Малыш наклонился, Иггельд ударом ножа перехватил веревку. Четыре громадные глыбы скатились с боков, Малыша швырнуло вверх. Чудин сбрасывал свою глыбищу рядом, а Шварн вообще снял веревки за выстрел стрелы из лука, но проделал все на скорости, Иггельд сперва ругнулся, но увидел, как огромные камни падают по дуге, все ближе и ближе, из смятого шатра выскочили трое, и глыбы с дракона Шварна точно обрушились на них, смяли, расплескали в кровавую кашу.
Остальные драконы сбрасывали глыбы на лагерь, стараясь попадать ближе к главному шатру, что уже вбит в землю. Вверх летели стрелы, ни одна не поднялась достаточно высоко, в бессилии падали обратно, только одна пронеслась с огромной скоростью, Иггельд услышал удар, вскрик раненого дракона и сам сразу же закричал изо всех сил:
– Всем обратно!.. Все уходим!.. Немедленно!
Малыш послушно повернулся и понесся быстрыми взмахами в Долину. Без тяжелой ноши ему хватило двух взмахов, чтобы оказаться по эту сторону, Иггельд указал ему на прежнее место, там пусто, все убежали смотреть со стены на артанский лагерь, Малыш послушно опустился, замер на миг, тут же повернул голову и посмотрел на Иггельда с вопросом: я все правильно сделал? Я хороший? Ты меня любишь?
– Все правильно, молодец, – ответил Иггельд, в горле появился и начал разрастаться ком. Он соскользнул на землю, подошел и обнял печального дракона за голову. – Ты прости, что я любил… и все еще люблю только одного. Ты хороший, я тебя тоже люблю. Прости, что всю любовь отдавал только одному, а вы оставались моими сиротами… Я люблю тебя, люблю, правда…

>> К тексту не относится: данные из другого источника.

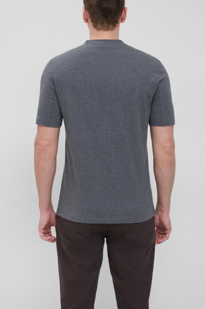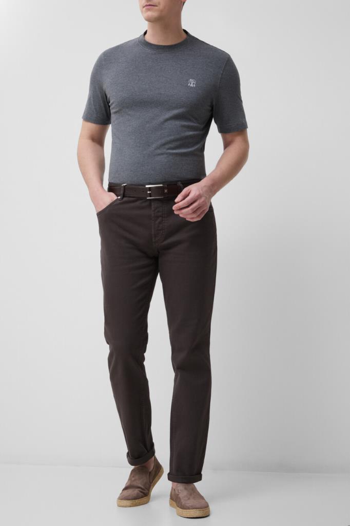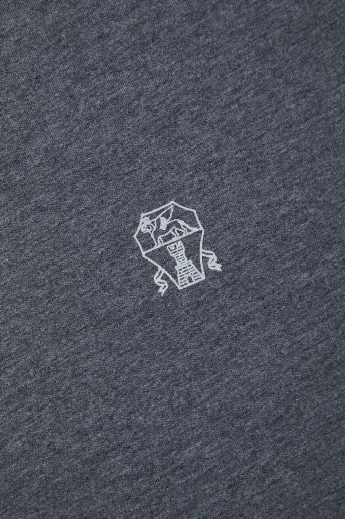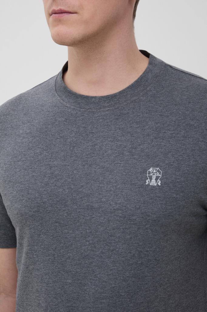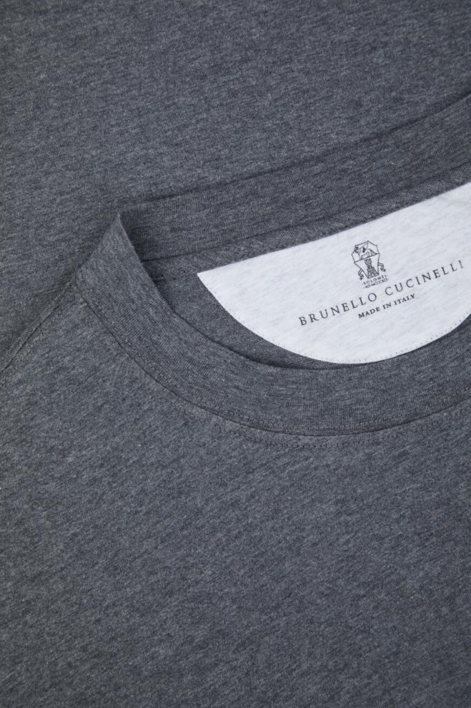 Тёмно-серая футболка BRUNELLO CUCINELLI с неглубокими боковыми разрезами. Для пошива модели прилегающего силуэта выбрано мягкое хлопковое джерси - лёгкая ткань с гладкой ровной поверхностью. Декором выступает небольшой логотип бренда слева на груди. Изделие с круглым вырезом горловины на резинке станет основой Ваших повседневных образов.

Дракон тихо и нежно убирал языком ему слезы, вздыхал, сопел сочувствующе, а Иггельд, наплакавшись, обхватил его умную голову, прижался всем телом, заставляя себя поверить, что это и есть Черныш, что в это тело перепорхнула его душа, чтобы не разлучаться с ним – какой рай, хоть драконий, хоть человечий, если там не окажется друга?